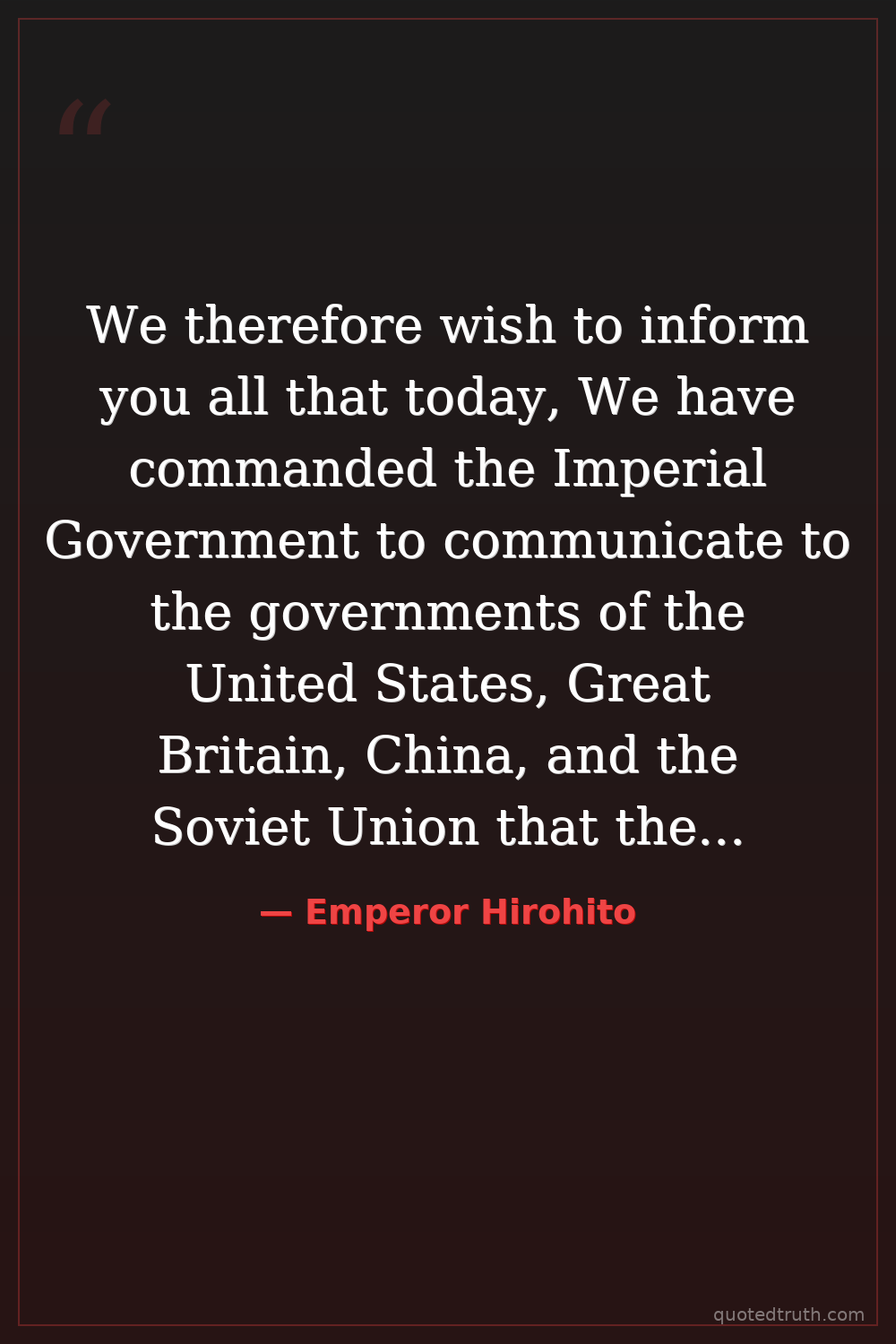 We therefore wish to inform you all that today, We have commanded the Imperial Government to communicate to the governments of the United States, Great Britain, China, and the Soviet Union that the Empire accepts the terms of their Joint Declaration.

|---|

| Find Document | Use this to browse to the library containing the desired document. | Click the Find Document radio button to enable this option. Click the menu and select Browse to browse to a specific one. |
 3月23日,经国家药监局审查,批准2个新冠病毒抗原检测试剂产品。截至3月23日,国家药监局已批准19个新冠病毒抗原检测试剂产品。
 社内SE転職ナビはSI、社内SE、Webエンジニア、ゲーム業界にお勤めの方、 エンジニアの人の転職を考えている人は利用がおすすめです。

|---|

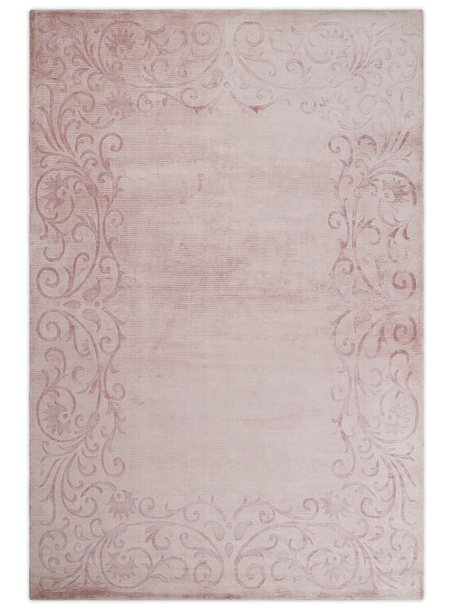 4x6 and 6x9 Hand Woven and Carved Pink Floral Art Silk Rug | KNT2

|---|

▸ **Required action**: From the data above, output only the lines between the line containing "3月23日,经国家药监局审查" and the line containing "社内SE転職ナビはSI、社内", inclusive, exactly as written.

▸ **Reply to the exercise**:
 3月23日,经国家药监局审查,批准2个新冠病毒抗原检测试剂产品。截至3月23日,国家药监局已批准19个新冠病毒抗原检测试剂产品。
 社内SE転職ナビはSI、社内SE、Webエンジニア、ゲーム業界にお勤めの方、 エンジニアの人の転職を考えている人は利用がおすすめです。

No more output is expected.